Lindsay’s close call didn’t register in Chicago, where they still talk about how the snow ended the career of then-Mayor Michael Bilandic. In early January 1979, nine inches of snow was followed by a record-breaking 10 straight days of around subzero temperatures. Then came the haymaker, a 20-inch deluge over two days that knocked the Windy City on its back.
Nothing seemed to go right with the response. The mayor repeatedly gave out faulty information, pronouncing the airport open (it wasn’t) and urging drivers to stash their cars in municipal lots (many of which hadn’t been cleared). In a desperate effort to keep the subway system running, the Chicago Transit Authority suspended service.
This happened in an election year. Bilandic lost the primary to Jane Byrne, who went on to become the first and so far only female Chicago mayor.
A few years later, more than 2 feet of snow fell on Denver on Christmas Eve 1982. It made for pretty photos, but city residents wanted more than nice pictures, and then-Mayor Bill McNichols didn’t deliver. As one account put it: “The city was slow to clear main streets. Garbage trucks were deployed to pack side-street snow down to a navigable depth. Instead they created thin, dirty glaciers that lingered until just weeks before the May election.”
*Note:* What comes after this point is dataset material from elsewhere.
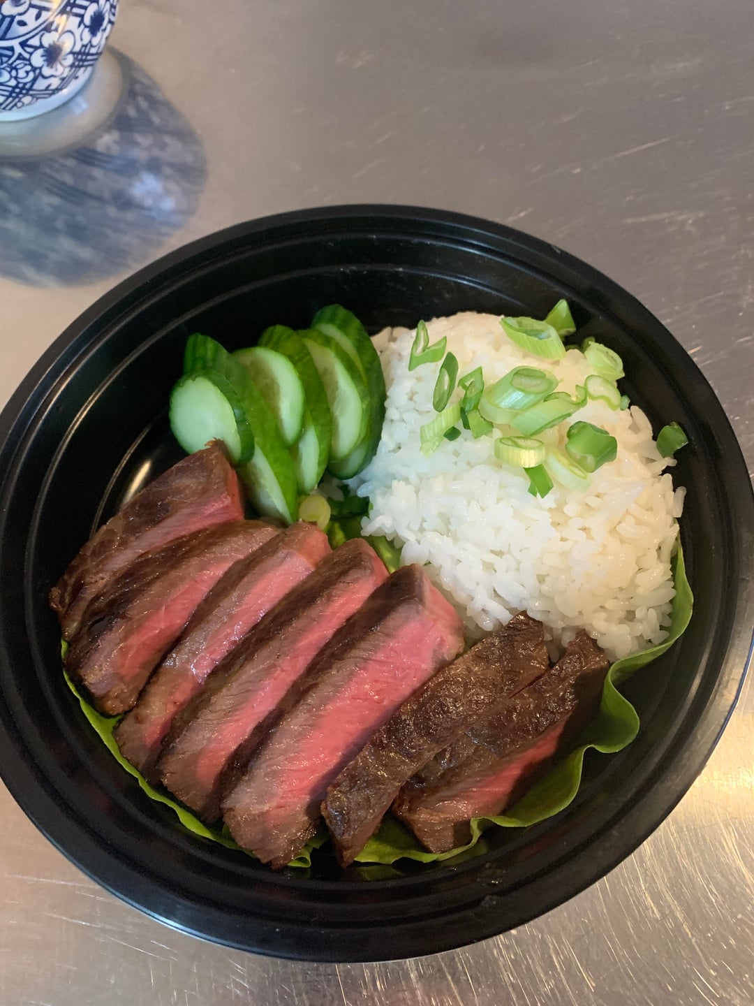 I used strip loin for the steak and also made a lunch for my girfriend since she currently works evening shifts. by Fun-Sale6786 Food

In that election, McNichols was beaten by Federico Peña.
Fast-forward to 2010, when an unexpectedly harsh winter storm buried New York in 20 inches of snow the day after Christmas, and almost everything that could go wrong did. Many city plows and buses weren’t properly equipped with chains and snow tires, and got stuck in central arteries along with residents’ cars, bringing the city to a grinding halt.
At least one death and possibly two occurred when emergency vehicles couldn’t get through the snow-choked streets. Then-Mayor Michael Bloomberg was invisible for the first day of the disaster; it later became clear that he was almost certainly at his vacation home in Bermuda while New York was paralyzed, a story that took some of the heat off Christie’s Disney diversion.
Bloomberg later apologized for the city’s poor response, but came in for a lot of criticism, including from a local official named Bill de Blasio, who groused: “Like many New Yorkers, I woke up two days straight to an unplowed street outside my front door. This is not business as usual, and frustration is mounting.”
This year, as the new occupant of City Hall, de Blasio, perhaps mindful of the way ambitious politicians can play snow politics,- has been holding round-the-clock briefings, warning residents to stay inside and whipping his deputies to be prepared for every contingency. The mayor’s partner and frequent rival, New York Gov. Andrew Cuomo, has been doing the same.
All of which is to say: Christie had no choice but to hightail it back to New Jersey and make sure he doesn’t join the inglorious line of politicians who flunked a basic test of government: keeping the roads clear, the trains running and the people safe.
Not the kind of thing you want hanging over your head just as voters start casting ballots in Iowa and New Hampshire, two places where they know a thing or two about handling snow, and expect the next president to be just as knowledgeable.